Review: Convergence: Zero Hour Book Two trade paperback (DC Comics)

It's not often I'm actually bored by a comic book, but I found myself impatiently flipping pages a couple times in Convergence: Zero Hour Book Two. This is unfortunate, both because I enjoyed much of the previous Zero Hour book, and also because there were plenty of classic 1990s properties I was eager to revisit here: the Matrix Supergirl and Steel John Henry Irons circa Reign of the Supermen, Azrael Jean Paul Valley as Batman around Knightfall, and Parallax Hal Jordan and Green Lantern Kyle Rayner from Emerald Twilight/Zero Hour itself. Unfortunately, each of these was formulaic, at the least, if not also derisive of or oblivious to the source material; even the lone interesting story, the Aquaman miniseries, had little to do with the actual Aquaman of the period.

[Review contains spoilers]

At least part of the difficulty facing this round of Convergence tie-in miniseries is a lack of strong antagonists. The "villains" du jour are either Lady Quark and family -- throwaway characters, really, from a dead world in Crisis on Infinite Earths -- or otherwise 1990s Wildstorm properties. While each of these are fitting (circa Zero Hour was arguably Quark's heyday in LEGION), ultimately the Wildstorm characters hold up no better than their 1990s comics do. In Batman: Shadow of the Bat, writer Larry Hama (whose own Batman run was troubled) devotes whole pages to bickering between Wetworks characters, as if the audience has any interest in them over Batman Bruce Wayne and Azrael. In Superman: Man of Steel, the Gen 13 characters come off similarly generic, and with surprisingly hackneyed dialogue as well.

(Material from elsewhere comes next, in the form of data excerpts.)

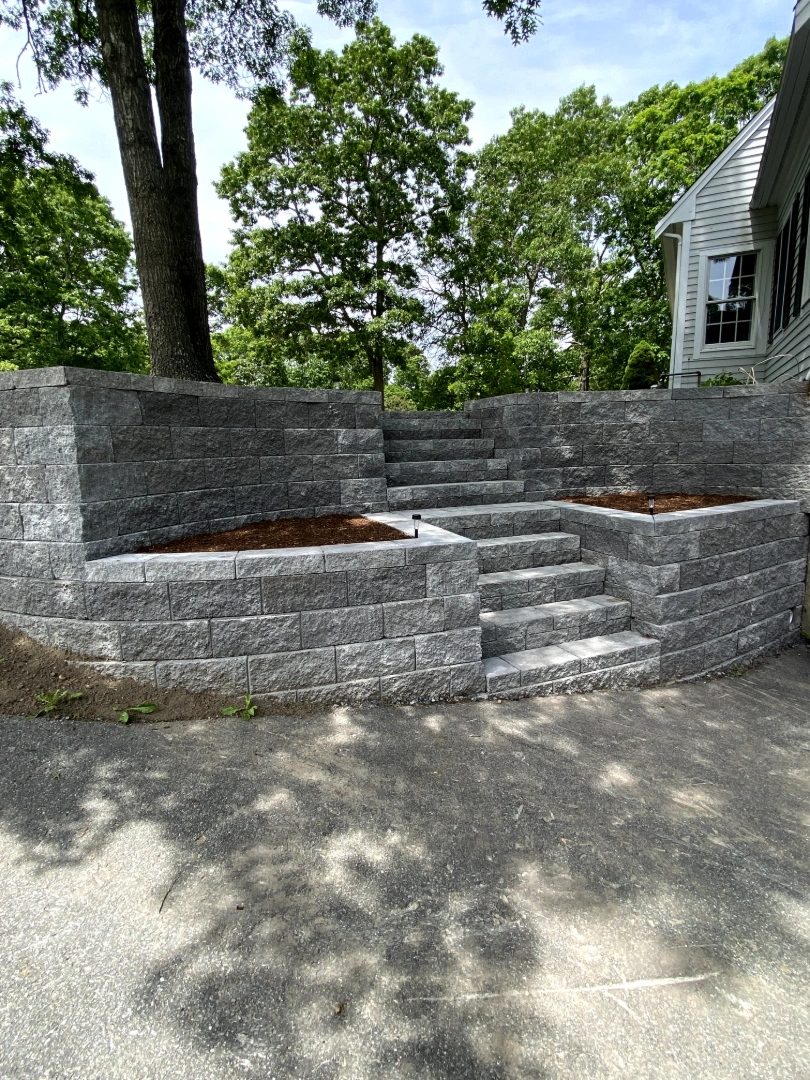 We work with a wide range of premium materials including Techo-Bloc and Unilock pavers, natural granite and bluestone, segmental retaining wall blocks, and premium sod varieties suited to New England's climate. We help you choose the right materials for your specific project and budget.
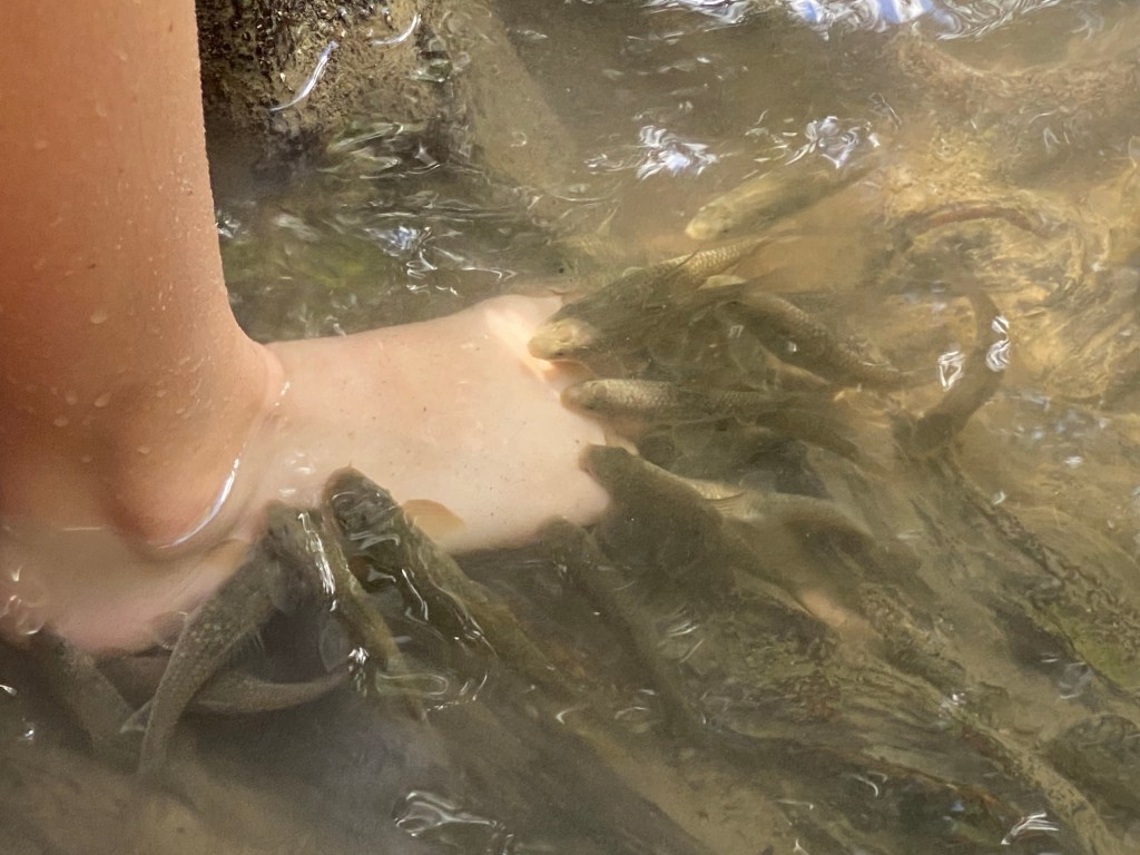Suaram was willing to get a full fish “boot” for the experience despite how much it tickles. What a strange feeling having these fish tickle/nibble at your feet.
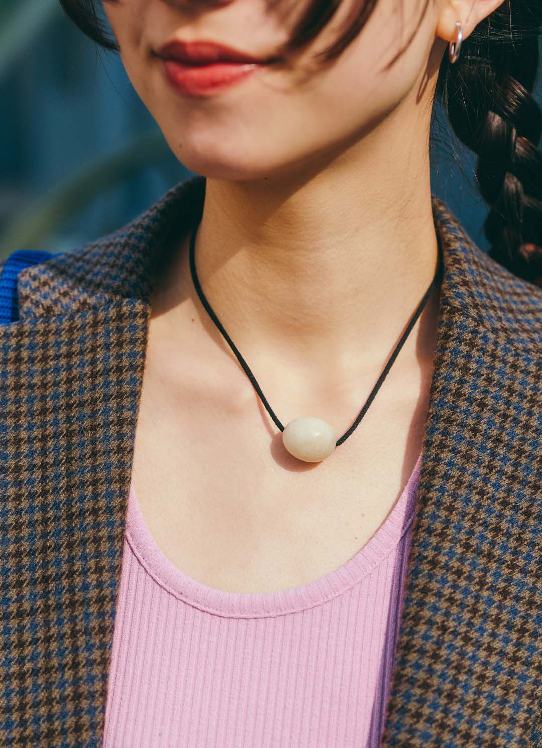 首元は『アニカ イネス』のコードネックレス。ころんとした丸みのあるモチーフが印象的で、やさしく映えるシンプルなデザイン。
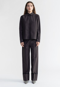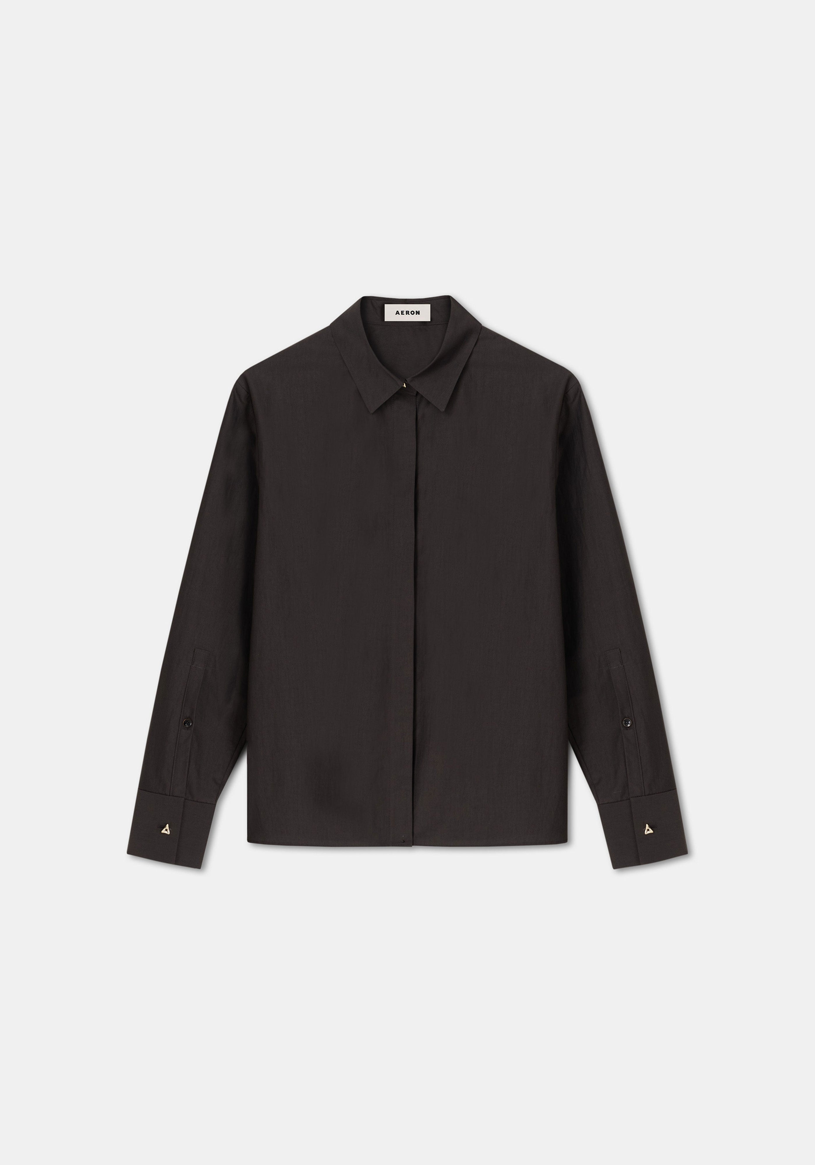 Our HANS poplin shirt is tailored of a crispy cotton blend. This piece has a regular fit and a hidden placket, decorated with small A-buttons on the cuffs and the neck. Size and Fit Fits true to size, take your normal size. The model is 180 cm and wears a size 36. Fabric and Care 89% Cotton 11% Poliamide Do not wash, Do not bleach, Do not tumble dry, Iron low temperature, Suitable for dry cleaning, Suitable for professional wet cleaning
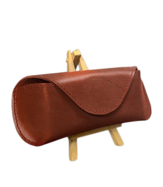 Шкіряний чохол для окулярів із клапаном на магніті Світло-коричневий Краст
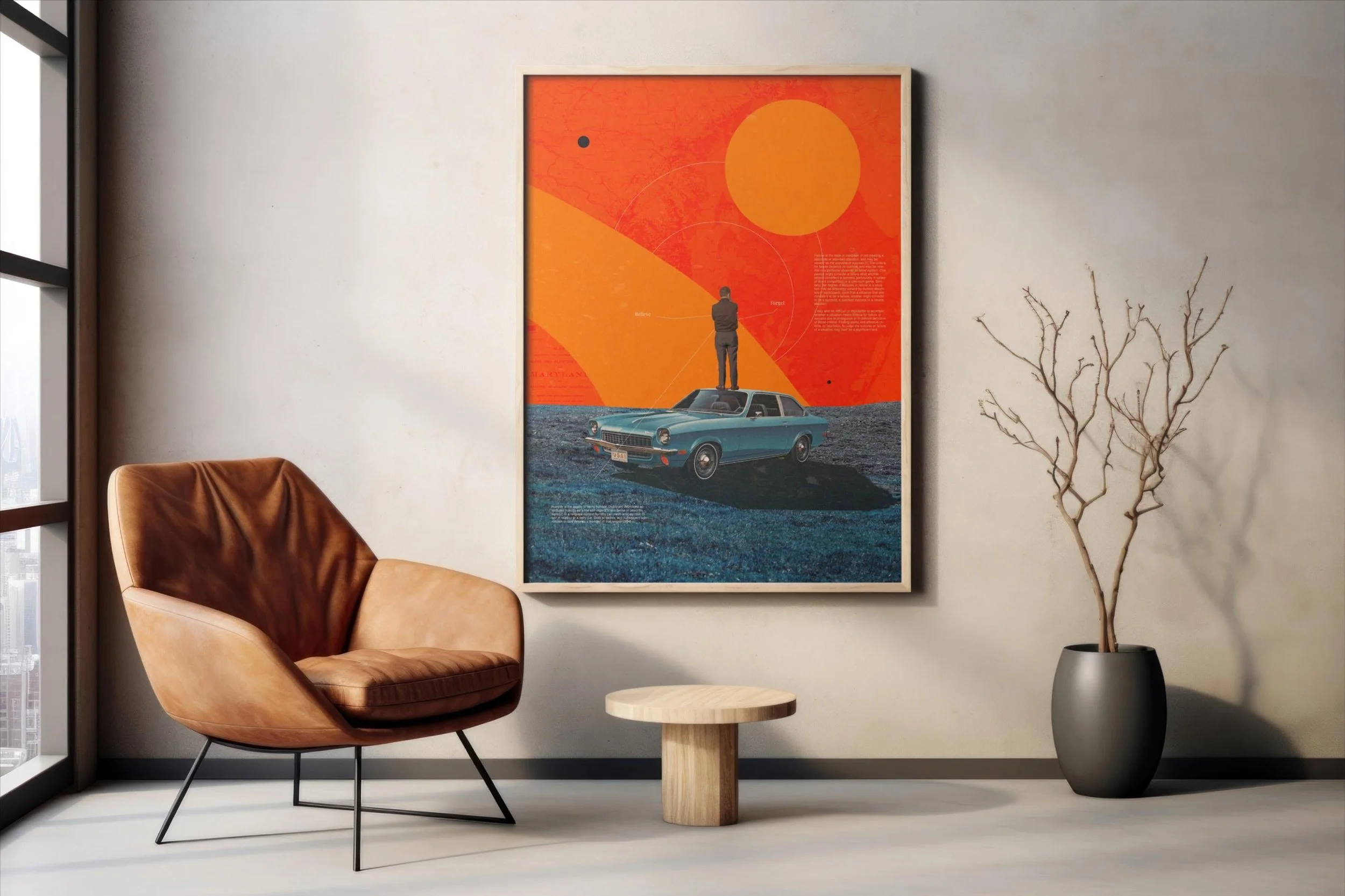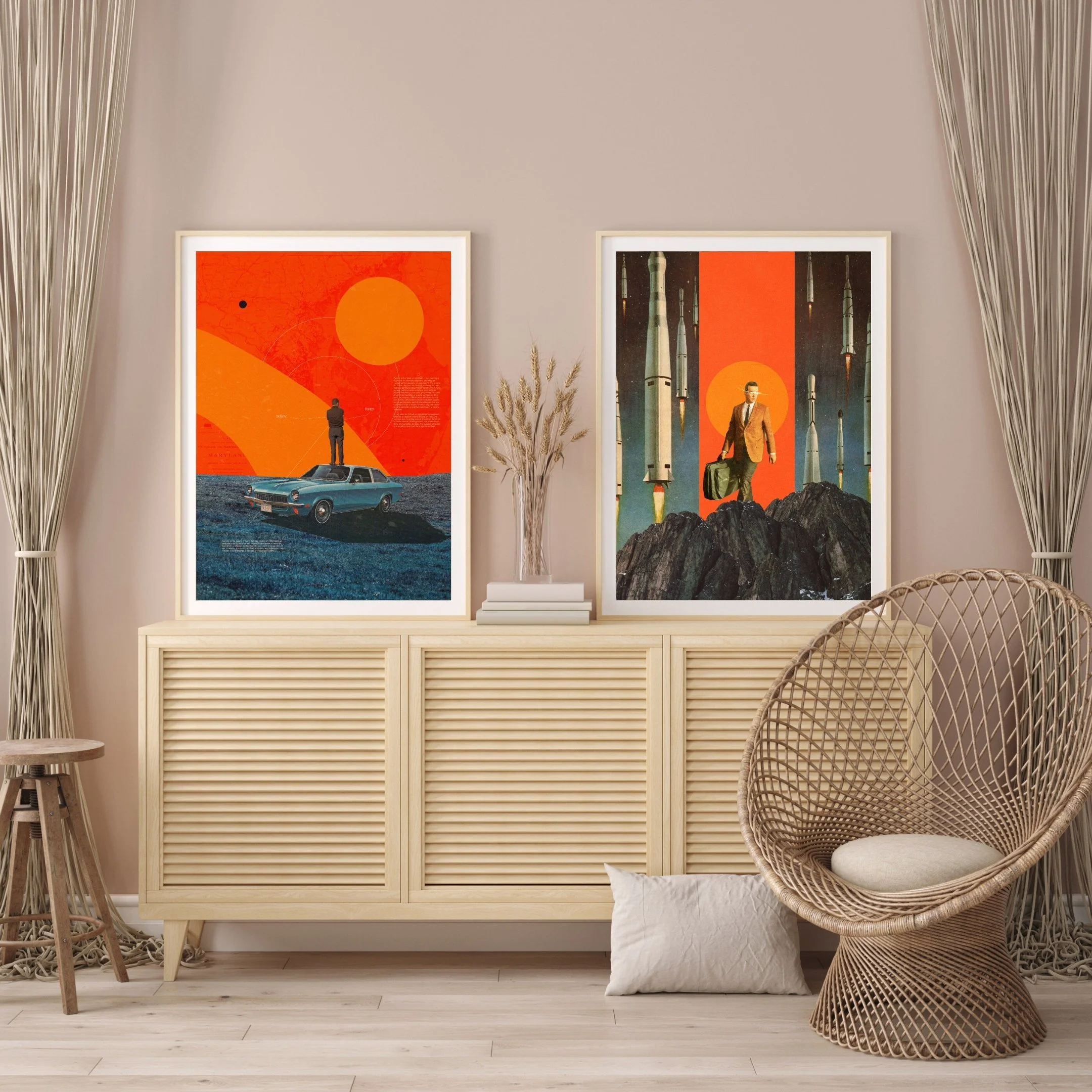 1. Some of the collage artworks are made with old, vintage imagery and they may seem more textured, saturated or blurred. This is all intentional and part of the retro aesthetic we are aiming for.

But moreover, these characters are often poor imitations of their former selves. If Azrael, as Hama's story suggests, comes from post-Knightsend, then his ultra-violent attitude (instead of a repentant one) makes no sense, nor why he purposefully antagonizes Batman (as if this were Jason Todd and not Jean Paul Valley). I thought Tony Bedard might actually explore a Hal Jordan who comes to understand Parallax's artificial influence (retroactively addressing the post-Green Lantern: Rebirth retcon), but instead Parallax is needlessly vengeful in a way that doesn't match his Zero Hour portrayal; Bedard also references adventures for Kyle Rayner that he wouldn't have had at this time. The pairing of Power Pack's Louise Simonson and June Brigman doesn't have much resonance for me as a DC fan, and the story focuses more on Steel's niece and nephew than on the hero himself.

Further, Keith Giffen's Supergirl: Matrix story is a real disappointment for an actual fan of the character. Certainly I recognize Giffen's work is often satirical, and this is meant to be such. Also that between Matrix, Ambush Bug, and Lady Quark, Giffen's story is more a send-up of the 1990s itself; if this had been an Ambush Bug story guest-starring Matrix and not vice versa, the tone might be entirely appropriate. But not only is the story silly, but also Giffen posits some odd continuity for Matrix and Lex Luthor II (the original Lex in a cloned body) where Matrix actually knows Lex is a bad guy but is still working for him, which doesn't fit the characters at all. I don't disagree that Matrix's character is absurd in a certain light, but she can also be taken seriously (see the Supergirl and Team Luthor special), and when we haven't had a Matrix story in so long it's unfortunate that it ends up the site of Giffen's antics. Artist Timothy Green has plenty details wrong, from Lex II's facial hair to the iconic LexCorp tower itself.

The lone bright spot in the book -- and even this seems somewhat accidental -- is Tony Bedard's Aquaman. Except for the fact that Aquaman has a hook for a hand, Bedard doesn't really use any important continuity from the era, and rather his "gets no respect" Aquaman is more tonally similar to Geoff Johns's New 52 Aquaman than to the Peter David version. That said, Bedard's exploration of how Aquaman deals with having no significant accessible water under the Convergence dome is very interesting, and there's additional entertainment in how shockingly bloody Aquaman's battle with Wildstorm's Deathblow is. In another book this story might not actually rank that high, but its surprises are notable given the predictability of the rest.

Unfortunately Convergence: Zero Hour Book Two ends the Convergence tie-in books I was really looking forward to. For completeness I'll read the Crisis and Infinite Earths books, but to some extent that's more of an academic exercise in visiting DC's historical properties; Flashpoint and Zero Hour were the miniseries that really had my heart. I won't be so maudlin as to say "you can't go home again" because I've enjoyed some of these ventures, but the last Zero Hour book leaves me more in mind of the failures than the successes.